A group of three Burmese Buddhist monks - Venerable Ashin Agga Dhamma, Ashin Kawwida and Ashin Nayaka - were in Brazil August 18 to 22 to educate Brazilian society and authorities about the difficulties that Burma - officially called Myanmar by the authoritarian government ? has faced in recent years. For more than forty years, the country has been governed by a military junta, which violently represses any expression of dissent or support for democracy. To make things worse, Burma was struck last May by a natural catastrophe. The Nargis cyclone left more than two million Burmese homeless. Since the military government was reluctant to accept international humanitarian aid, it was difficult to provide assistance to those displaced.
The monks, who led a series of protests against the dictatorship and were violently repressed by the local government last September, in the so-called Saffron Revolution, established the International Burmese Monks Organization (IBMO), an international organization whose objective is to raise awareness and ask for the support of the international community to return democracy and the rule of law to Burma.
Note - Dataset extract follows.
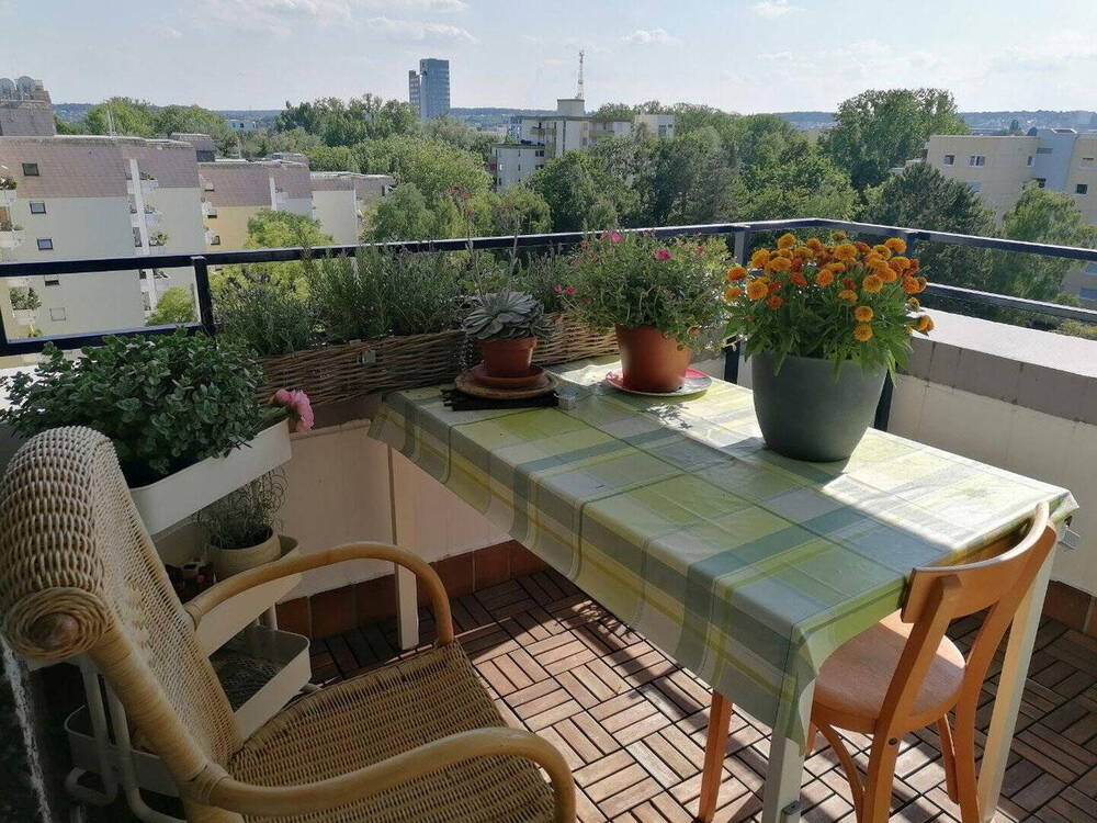 Balkon im Sommer - Stilvolle 3,5-Zimmer Penthousewohnung (ca. 95 m²) in Stuttgart-Möhringen

Since the organization's founding, the monks have been in more than 20 countries pursuing this goal and recently sent a group to Brazil.
In São Paulo, the monks participated in a range of meetings with the local press and in a seminar on the situation in Burma, with the participation of the Brazilian Paulo Sérgio Pinheiro, former Special Rapporteur of the UN for Burma, and of the Brazilian Ministry of Foreign Affairs. The monks also brought a photographic exhibition, which was shown during their travels in Brazil.
Moreover, the group had some meetings to discuss strategy. In São Paulo, they met with the Municipal Commission of Human Rights, the Secretariat of International Relations of CUT (Brazilian Trade Union) and of the PT (Labor Party) and with some local NGOs and religious communities. In Brasília, the monks were hosted by the Ministry of Foreign Affairs (MRE), to whom they pled for Brazil to more actively participate in the condemnation, through multilateral organs like the UN's Human Rights Council, of human rights violations committed by Burma's military dictatorship. "Brazil has already made positive contributions to the Council, but it is important that it be more active and monitor whether the recommendations made by the UN are faithfully implemented", explained Ashin Nayaka.
The monks highlighted two more issues Brazil's involvement could be critical: supporting an international arms embargo on Burma, thus diminishing the power of the Burmese army, which currently receives arms shipments China and India; and calling for the immediate release of political prisoners - more than 200, including the winner of the Nobel Peace Prize, Aung Sun Saa Kyi, whose period of house arrest was recently extended. Unless these conditions are satisfied, it will be difficult to hold free and democratic elections in 2010, as the military junta has promised.
While in Brasília, the monks also met with the Ministry of Health, with whom they were able to discuss their respective experiences treating those infected with sexually transmitted diseases and AIDS, one of the greatest problems in Burma nowadays. Moreover, they spent time with the Commission of Human Rights of the House of Representatives, who, in support of their cause, released a public statement that same week, requesting the immediate release of the Burmese political prisoners and asserting that Brazil must urgently partake in international efforts to secure an arms embargo.
"Brazil has done some positive things regarding the alarming situation of human rights violations in Burma, but it can do more given its privileged position in the international sphere, especially in preventing the exportation of arms to the military junta by some of its strategic partners", says Camila Lissa Asano, assistant of the Human Rights and Foreign Policy Project of Conectas Human Rights, a non-governmental organization that hosted the monks with the support of the Open Society Institute.